→ **The problem**
Your job is to return the whole listing unchanged while skipping its images.

→ **Input data**
Segment Open

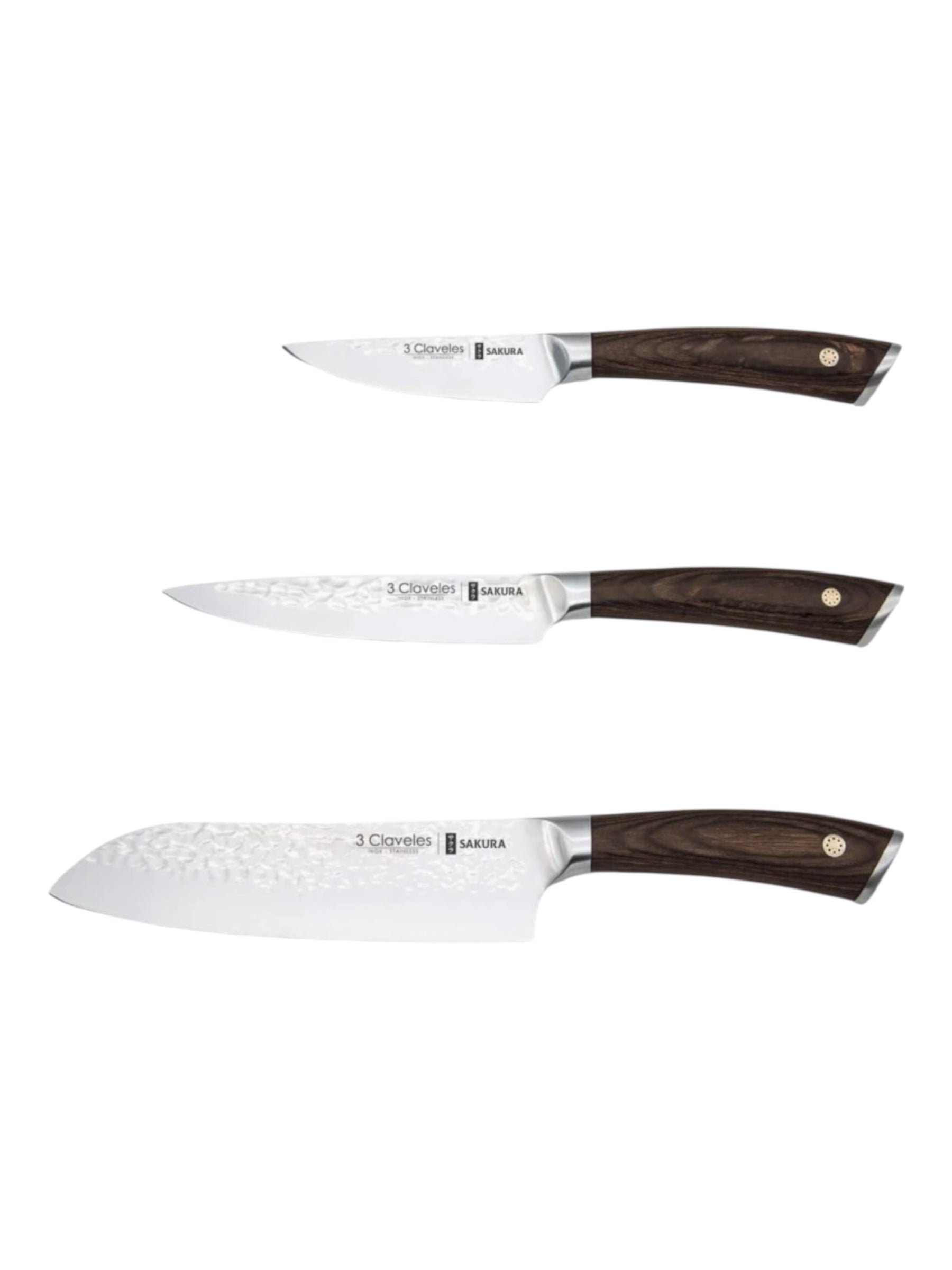 - Incluye un cuchillo de verduras, un cuchillo cocinero y un cuchillo santoku.
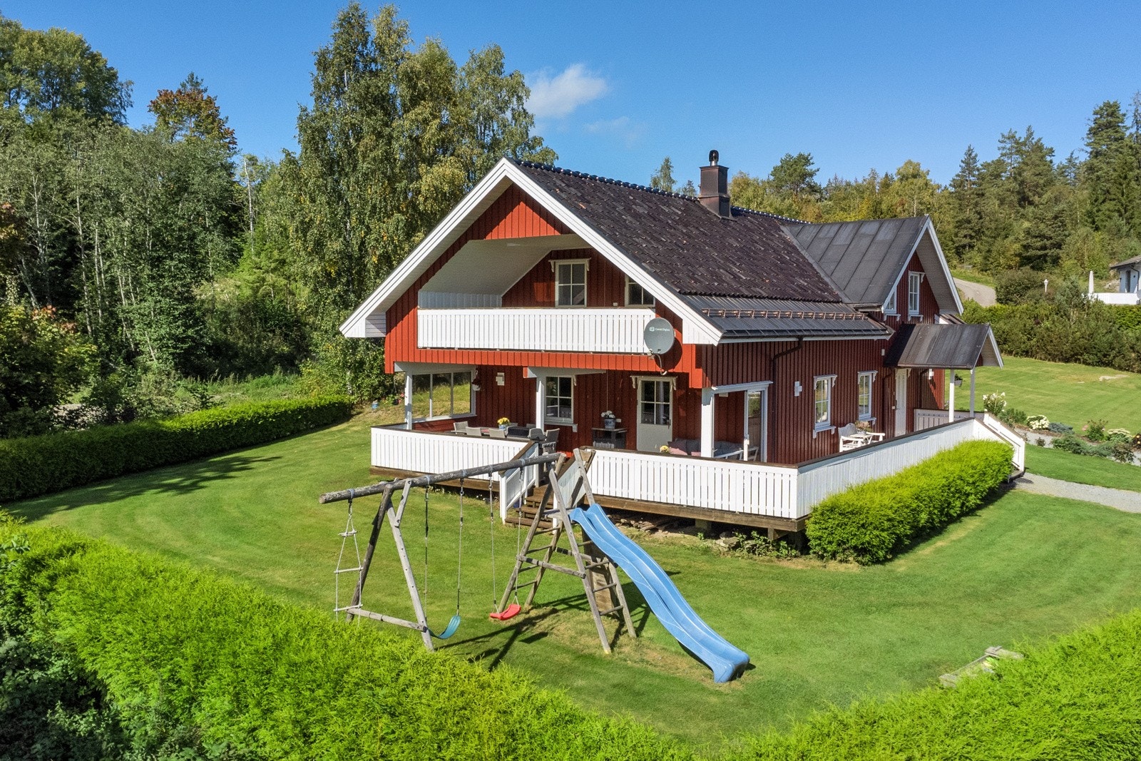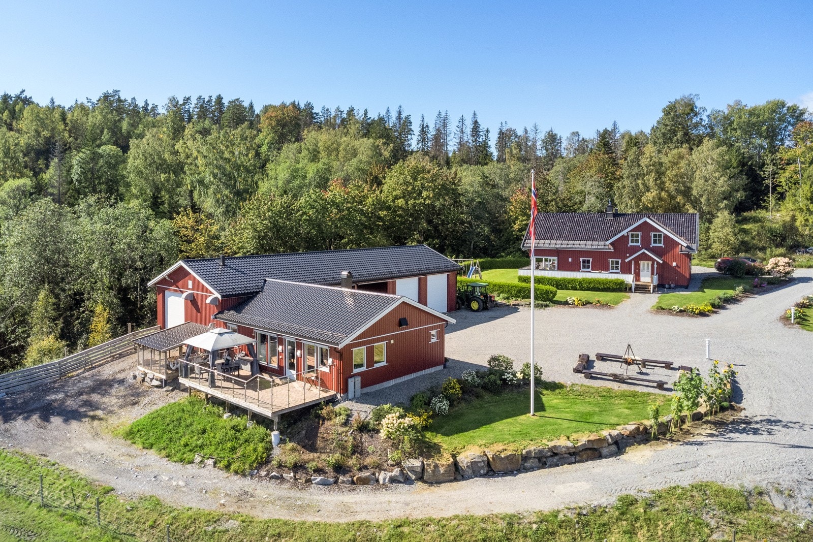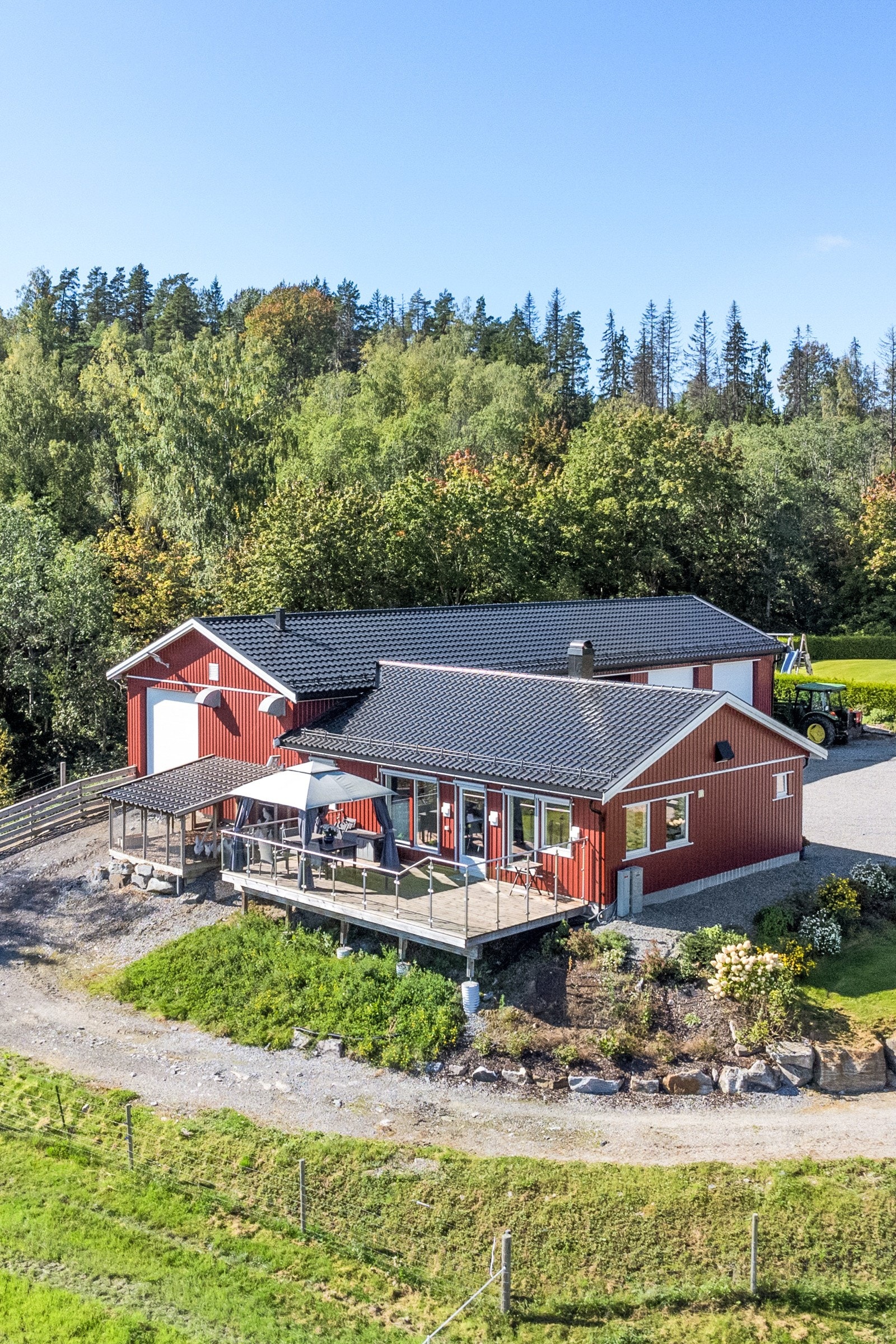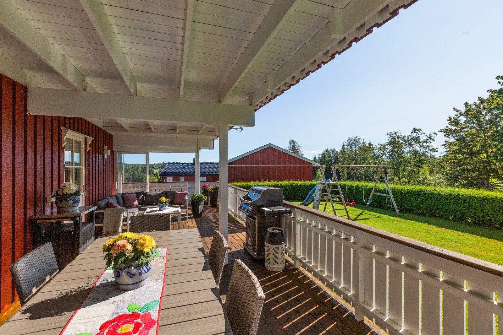 - Stort hovedhus med 4 soverom, 2 bad, stue med peisovn og 68 m2 terrasse
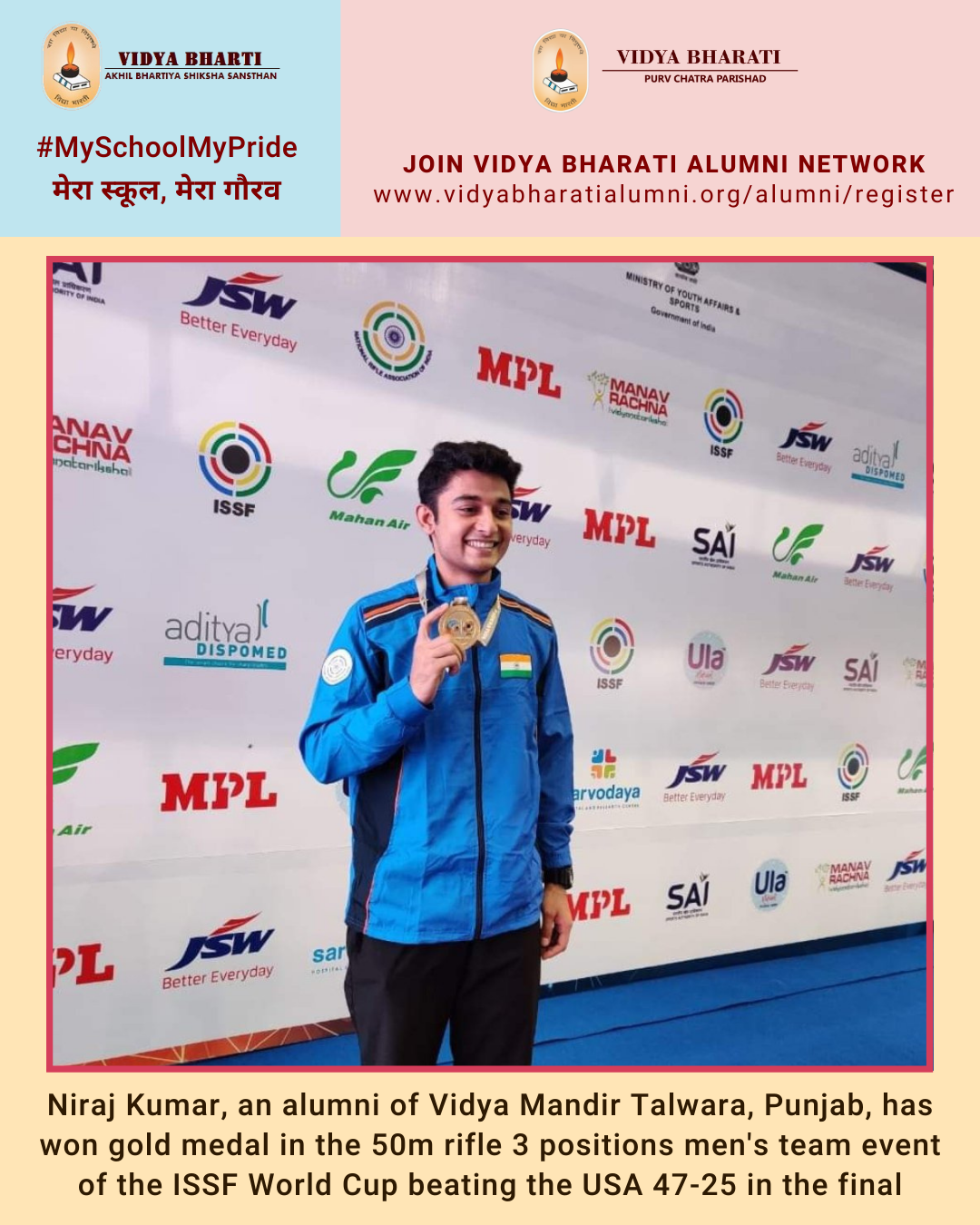 Niraj Kumar, an alumni of Vidya Mandir Talwara, Punjab, has won gold medal in the 50m rifle 3 positions men's team event of the ISSF World Cup beating the USA 47-25 in the final.

Segment Closed

→ **Task answer**
 - Incluye un cuchillo de verduras, un cuchillo cocinero y un cuchillo santoku.
 - Stort hovedhus med 4 soverom, 2 bad, stue med peisovn og 68 m2 terrasse
 Niraj Kumar, an alumni of Vidya Mandir Talwara, Punjab, has won gold medal in the 50m rifle 3 positions men's team event of the ISSF World Cup beating the USA 47-25 in the final.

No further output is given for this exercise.